On the other hand, the Rev Tobias Campion, the protagonist in my Regency series, is a younger son of a Duke, so he’s in fact Lord Tobias Campion. He chose his surname more or less at random from one of his family’s many titles: I fancy he liked the (spurious) connection with the composer, Thomas Campion. Tobias, fortunately for me, is far too concerned with improving the lot of his untitled parishioners to bother explaining his choice to anyone. In any case, again fortunately for me, he is estranged from his family, though Lady Hartland, his mother, is back on the scene. Which means he will be meeting a whole lot of dukes, marquises, earls, viscounts and barons, all Peers of the Realm, not to mention their female equivalents and, worst of all, their offspring. Yes, there’s a whole set of rules to obey, and if I don’t know them I promise you that there are others who do.

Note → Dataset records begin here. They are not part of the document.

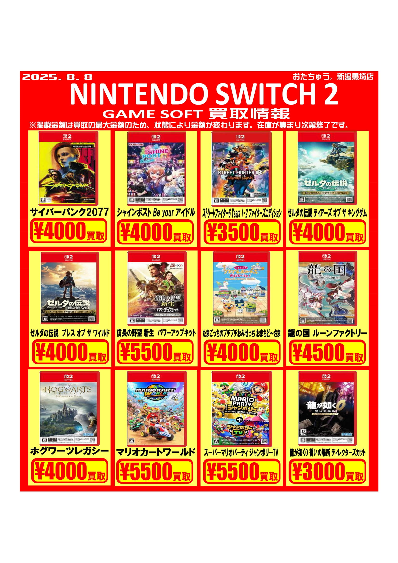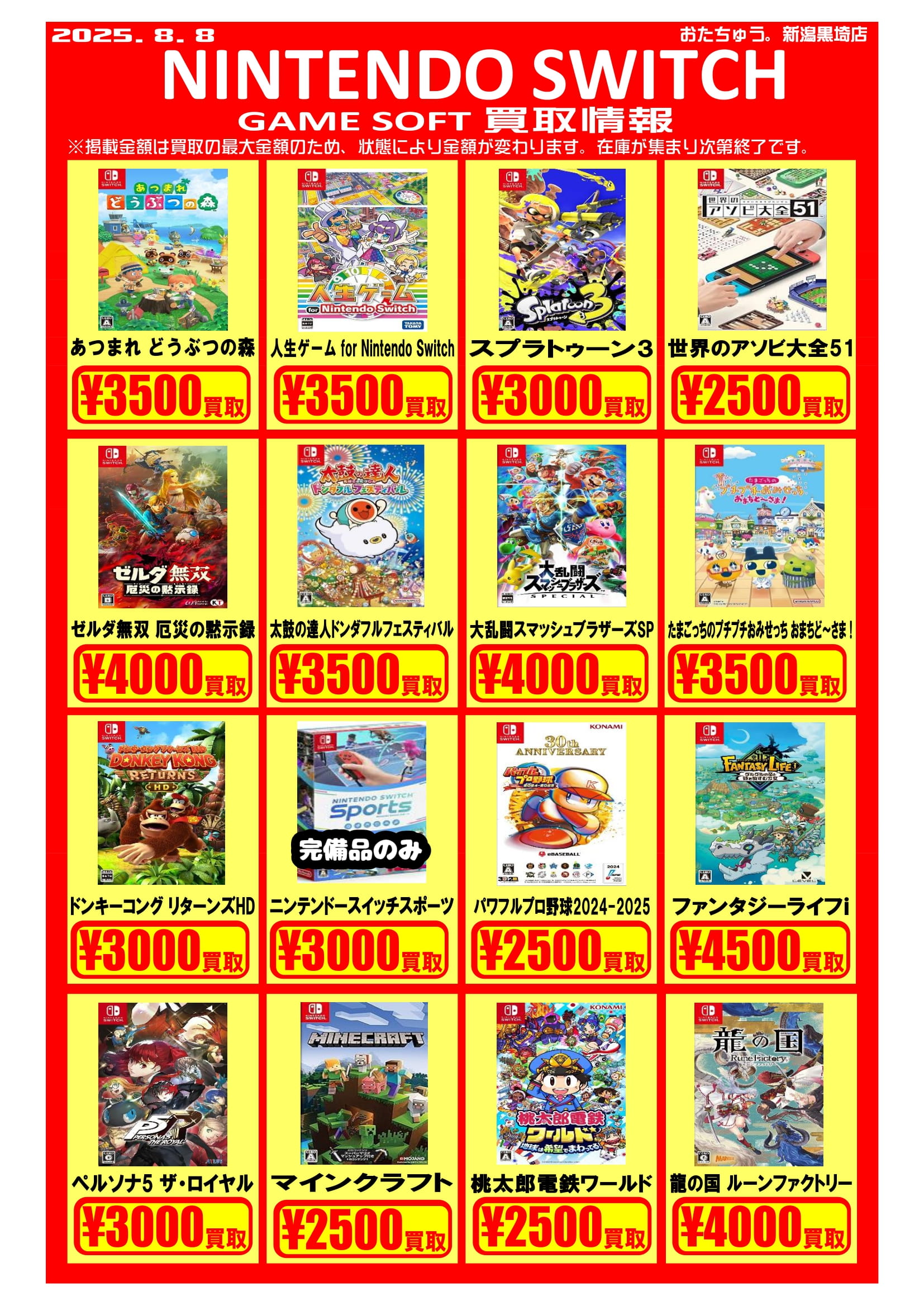 ✨ゲームソフト買取チラシを更新しました✨ 2025年8月8日ゲームソフトの買取チラシを更新いたしました!遊び終わったソフトはぜひおたちゅう新潟黒埼店にお売りください✨ お待ちしております😊 ※2025/8/8現在の価格となります。在庫状況・状態によってお値段が変動いたします。予めご了承ください。****************こちら↓もぜひチェックしてみてくださいね♪(*´▽`*)・最新のイベント情報はこちら・最新の買取情報はこちら
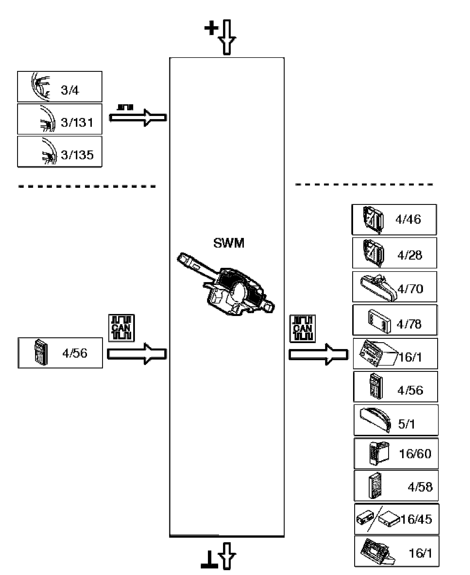 The steering wheel module (SWM) has the task of managing the signals for those functions which can be controlled via the steering wheel control stalks and buttons. The signals are transmitted to the relevant control modules via the control area network (CAN). The actual functions are not in the steering wheel module (SWM).
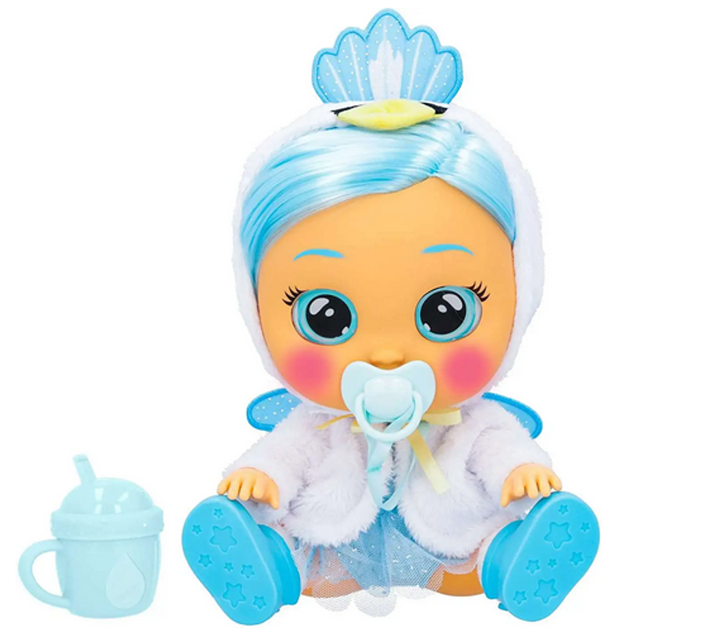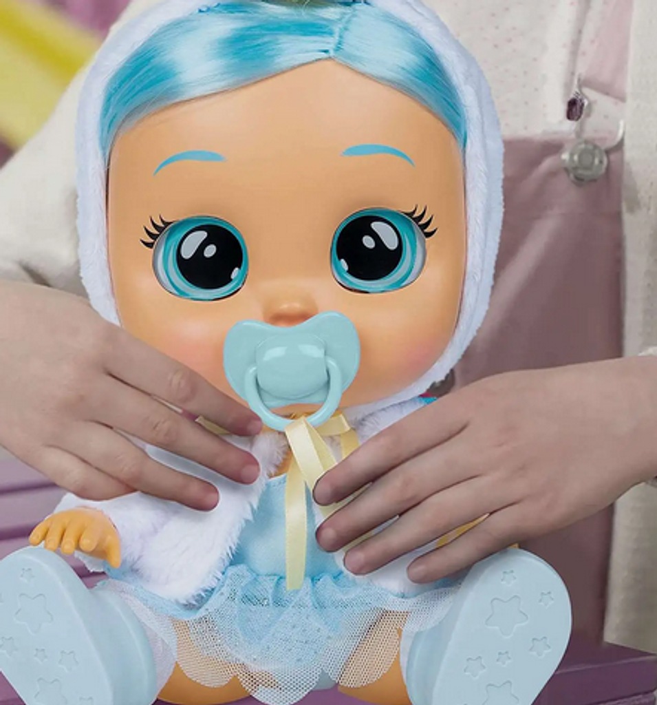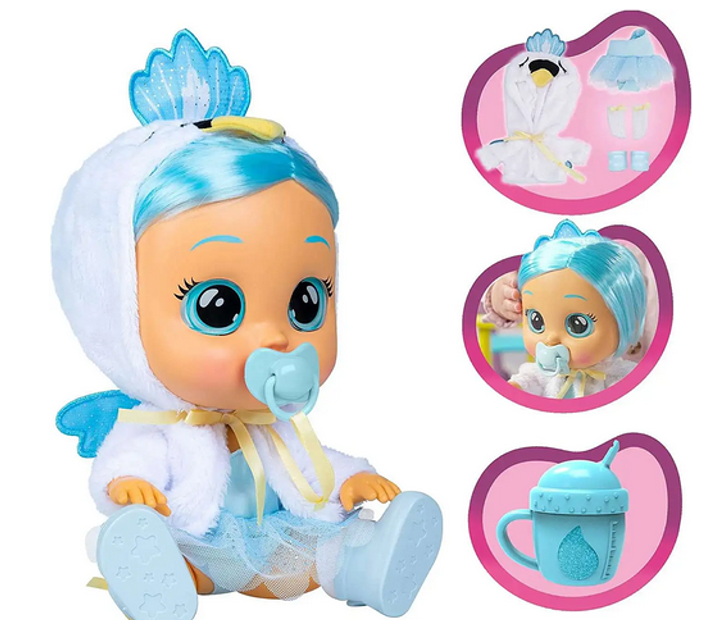Like all Cry Babies, Sydney cries real tears as soon as you take away her pacifier. She also makes over 15 realistic baby sounds, making the play experience authentic. To soothe her and make her smile, simply give her the included pacifier or baby bottle.
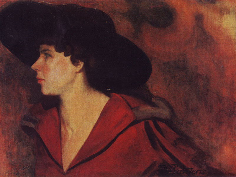 Kārlis Brencēns. Nezināmās portrets (ar melno cepuri). 1918. Audekls, eļļa, 53 x 71.LNMM
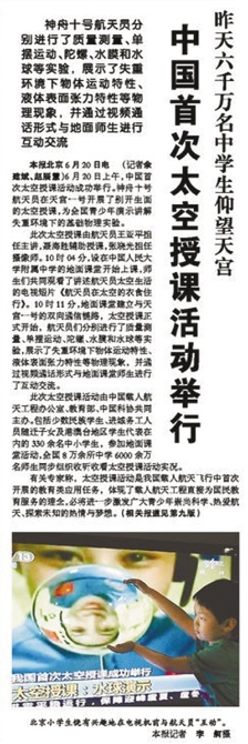 2013年6月21日人民日報頭版報道太空授課。資料圖片 |
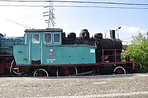 The locomotives were assigned to the depots in Šķirotava, Jelgava, Dyneburg, Rezekne and Krustpils.[2] In September 1940, after the annexation of Latvia by the USSR, the steam locomotives were taken over by the Soviet Railways.[3] During the war, some of the steam locomotives were captured by the Germans, 5 of them were taken over by the Soviet army again and after the war there were 12 steam locomotives of this series in the USSR. They were withdrawn by the railway in the 1950s, and a few were transferred to various industries.[3] After 1945, there were two Tk locomotives on the Polish State Railways: No. 235 (marked as OKa1-1) and No. 242 (marked as TKa-242).[4] Oka1-1 was withdrawn from service in 1969, and previously ran service trains in the area of the Łazy marshalling yard. The TKa-242 steam locomotive worked until 1957 in the depot in Kutno.[1] The OKa1-1 locomotive was selected for museum preservation and is now housed in the Railway Museum in Warsaw.[4] After the war, three locomotives were used on West German railways (withdrawn at the end of 1951), and one on East German railways. The other two were lost, while OKa1-1 was left behind, evenutally being housed in the Warsaw Railway Museum.[2]
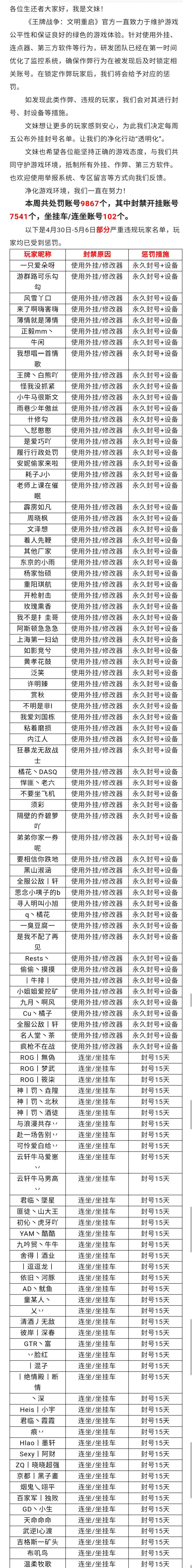 4月30日-5月6日净化游戏环境声明及处罚公告
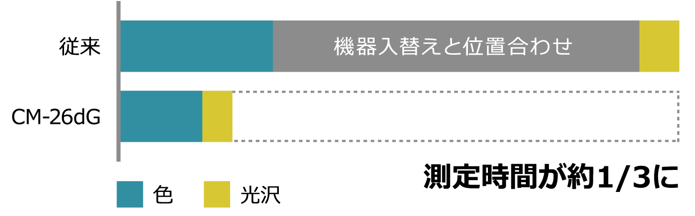 これまで約90秒要していた測定時間を約30秒に短縮。⼤幅な作業効率アップにつながり、⽣産性向上にも貢献しています。また、従来機では『⾊』と『光沢』の測定箇所の位置ずれも課題でしたが、⾊と光沢度を1台で同時に測定できるため、煩わしい位置合わせの作業が不要。同一ポイントの測定評価がスムーズになりました。
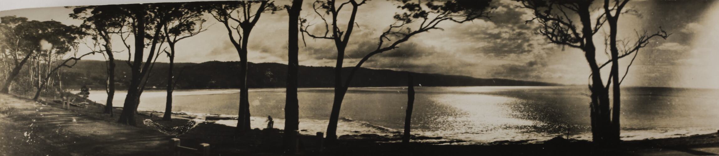 Monochrome silver gelatin panorama photograph.
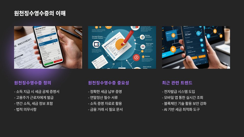 원천징수영수증은 세금 신고와 관련하여 매우 중요한 서류입니다. 디지털 플랫폼을 활용하고, 정확한 정보를 입력하며, 원천징수영수증을 다양한 용도로 활용하는 것이 성공의 열쇠입니다. 이러한 방법들을 통해 여러분도 원천징수영수증을 효과적으로 관리하고 활용할 수 있을 것입니다.
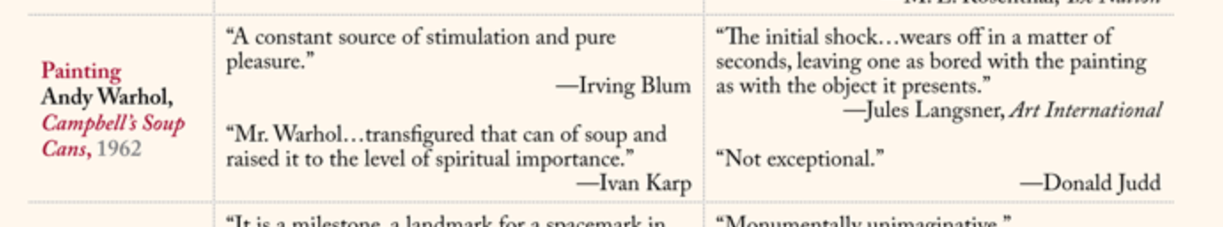 - I love vintage art reviews that get it wrong, like these mixed reviews of Andy Warhol’s Campbell’s Soup cans:

Outside the royal family, the highest rank is Duke or Duchess. You have to be Duke or Duchess of a place – such as Scunthorpe or Sandwell – which is where you have your seat or at least to which you have a historical connection. This is where I enter a minefield. You address a duke/duchess as Your Grace, and refer to him/her as His/Her Grace, the Duke/Duchess of Sandwell. I can manage that. What I get tangled up with is their offsprings’ titles. It could well be that the duke has several other titles – he could be the Marquis of Smethwick, Earl of Oldbury, Baron Cradley of Gornal. So his eldest son would probably get to call himself Marquis of Smethwick until his father dies and he inherits the title, Duke of Sandwell. Are you still with me? Now the younger sons, like Tobias, become Lord Tobias plus the family name, which Tobias has eschewed. His sister would be Lady X + family name.
Next in rank are Marquises and their wives, Marchionesses. Again, you are the Marquis of somewhere – Great Barr, say. You address them as Lord and Lady of Great Barr. Their children have the same nomenclature as a Duke’s children.